U.S. hedge fund looking for buyer for its $2-billion stake in Telus |
Date: Wednesday, June 6, 2012
Author: Boyd Erman and Rita Trichur, The Globe and Mail
The U.S. hedge fund that battled Telus Corp. is shopping its almost 19-per-cent voting stake in the firm to global telecom companies interested in getting a head start should Canadian foreign-ownership rules be relaxed.
Mason Capital Management LLC has hired Blackstone Group LP to seek a buyer for the $2-billion stake, said a person familiar with the situation.
Blackstone bankers are said to have contacted as many as 30 parties around the world who might be interested in the block, including other investment companies, as well as strategic buyers already in the telephone business. The process began in mid-May.
Mason has been vague in public statements about its plan for the Telus shares. The firm has said that it might choose to stick around as a longer-term Telus shareholder. Jonathan Gasthalter, a spokesman for Mason, declined to comment Tuesday.

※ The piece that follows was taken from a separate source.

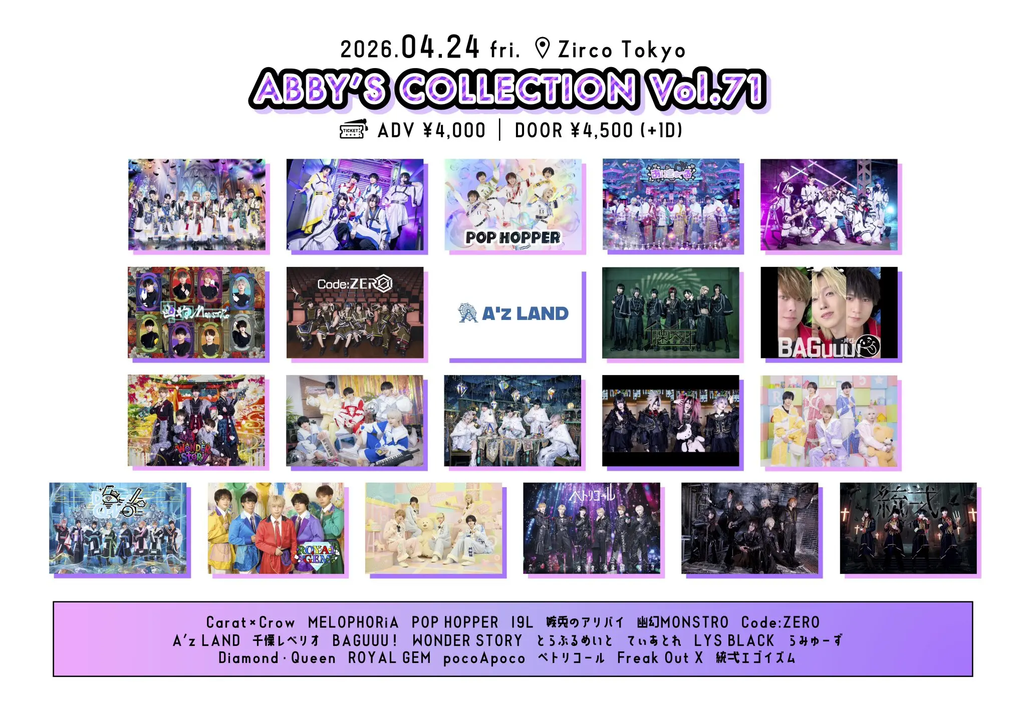 出演者 maleficium / HATENO / スキュラ / 業-カルマ- / ドゥラ・ムーン / Dorothy∞Drop / Dusk / アカデミック・ホラー / 毒彩シンシャ / 未完成なリリム

Any foreign telecom company that buys the Mason stock might have to wait some time to get its hands on more of Vancouver-based Telus. The news that Mason is interested in selling comes as federal Industry Minister Christian Paradis said liberalization of ownership rules on Canada’s largest telecom companies will not happen any time soon.
“We will need to hold public hearings and this is not in the cards for now,” he said on Tuesday.
New York-based Mason accumulated the block of Telus voting stock as part of a strategy to profit from opposing Telus’s planned collapse of its dual-share structure on a one-for-one basis.
After successfully blocking the Telus plan last month, it was not clear what Mason would do next. Buying up almost one-fifth of one class of shares in a company is hard enough on the sly; disposing of that much stock in the open market is even more difficult. Finding a taker for the whole block could solve that problem, and a buyer eyeing a takeover of all of Telus down the road might be willing to pay top dollar.
Telus is an advocate of lowering the restrictions on foreign ownership, with chief financial officer Robert McFarlane saying at a telecom summit on Tuesday that Canada should be “liberalizing foreign ownership restrictions for all carriers regardless of size.”
Buying the almost 33 million voting shares held by Mason would not necessarily give a would-be acquirer as big a head start on a Telus purchase as it might appear. Telus’s dual-class structure is designed to collapse automatically, with non-voting stock becoming voting stock on a one-for-one basis, should foreign-ownership limits be eliminated. That would dilute the influence of the Mason stock significantly.
The dual-class share structure that Mason fought to preserve is a relic of a time when Telus was owned in part by a large foreign phone company. New York-based Verizon Communications owned a large chunk of Telus and the non-voting shares were created in 1999 to deal with that.
Earlier this year, Telus wanted to eliminate the structure by converting all non-voting shares into voting shares on a one-for-one basis. Most Telus shareholders, aside from Mason, supported the plan. However Mason’s stake was big enough to raise the threat of the proposal failing, and Telus backed down on May 9.
“Regardless of what Mason Capital chooses to do with their holdings, Telus remains committed to achieving a 1:1 conversion of our non-voting shares in due course,” Telus spokesman Shawn Hall said in an e-mail.
The fight over Telus’s proposed share-class collapse raised questions about so-called “empty voting,” because Mason had hedged its position so its exposure to the ups and downs of Telus’s stock price was much less than its stake in the voting shares would suggest. Regulators are examining the issue.